As the supply chain continues to become more complex, the current methods and tools to monitor and plan the business is insufficient. With unplanned fluctuations in demand experienced during the COVID-19 crisis, the demand driven supply chain is becoming a critical aspect of maintaining a sustainable and responsive flow of operations.
Increases in e-commerce demand and contact-less shopping lead to less inventory at the retailer side, adding more pressure for manufacturing companies to deliver in a very short cycle time. DigitalCommerce360 reports that COVID-19 boosted e-commerce sales an additional $174.87 billion, allowing it to reach $861.12 billion, which was not predicted to be met until 2022. In order to manage this new demand in the supply chain, responsiveness and agility are key.
So, what is a demand driven supply chain? Imagine a network that reacts to real-time demand, rather than remaining reliant on historical patterns and stale forecasted data. The use of real-time data allows for quicker, agile, and more effective reaction times, which is critical when unexpected events occur.
Companies who have adopted demand-driven methods of planning have seen increased revenues of 20-30%, as well as the cut of logistics costs from 5-25%, based on research from SupplyChainBrain. Demand driven supply chains are focused on 3 fundamental things:
- Creating a system of faster, streamlined information sharing, based on the usage of demand signals from customer demand
- Interconnecting operations throughout the supply chain, allowing for information to move quicker and speeding responsiveness
- Automating repetitive tasks and reporting with artificial intelligence to create their own demand driven operations.
Forbes predicts that in 2021, “we’ll continue to see a greater shift to more resilient digital supply chain models as businesses focus on expanding or transforming capabilities to increase flexibility, visibility and control.” Supply chains are better able to address e-commerce driven demand changes as they shift toward a focus on better resilience.
Context based hypothesis and forecasting delivers dynamic demand and supply forecasts, in addition to automating the procurement process to maintain optimal inventory. ConverSight.ai’s contextual decision intelligence platform uses machine learning and artificial intelligence to navigate planned and unplanned demand with data captured in real-time and continuously – allowing manufacturers to accurately forecast and plan like never before.

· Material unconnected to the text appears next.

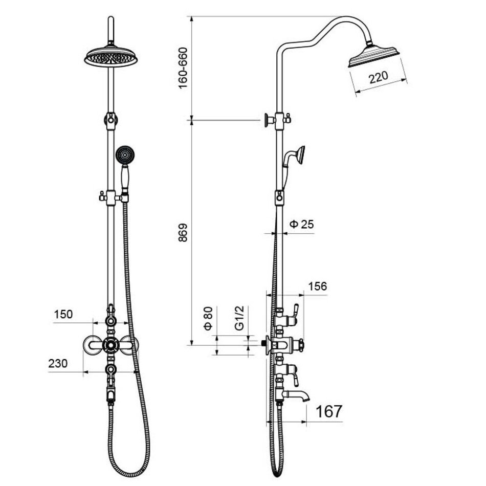 Душевая система Aquatek Классик AQ2543MB для душа, термостатическая, цвет черный матовый
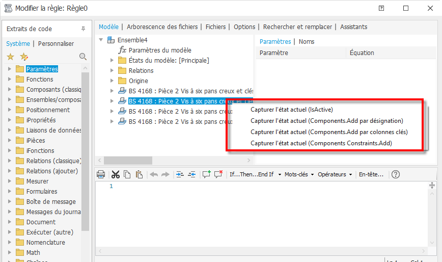 Une nouvelle option permettant de capturer l’état actuel a été ajoutée à l’éditeur de règles iLogic pour les pièces du Centre de contenu. Au lieu de capturer la désignation, il obtient les valeurs clés et fournit au code une liste nom-valeur. Il est ainsi plus facile de spécifier des valeurs requises individuelles, plutôt que d’avoir à les combiner en une seule valeur Désignation.

Artificial intelligence is a foundational capability of this shift, connecting data throughout the supply chain, and creates relationships through data monitoring for personalized insights. With a more attainable implementation of AI, businesses are able to create a demand driven supply chain, allowing for better accuracy, stronger decision-making, and smoother reaction times, which ultimately reduces costs and drastically improves the function of the supply chain.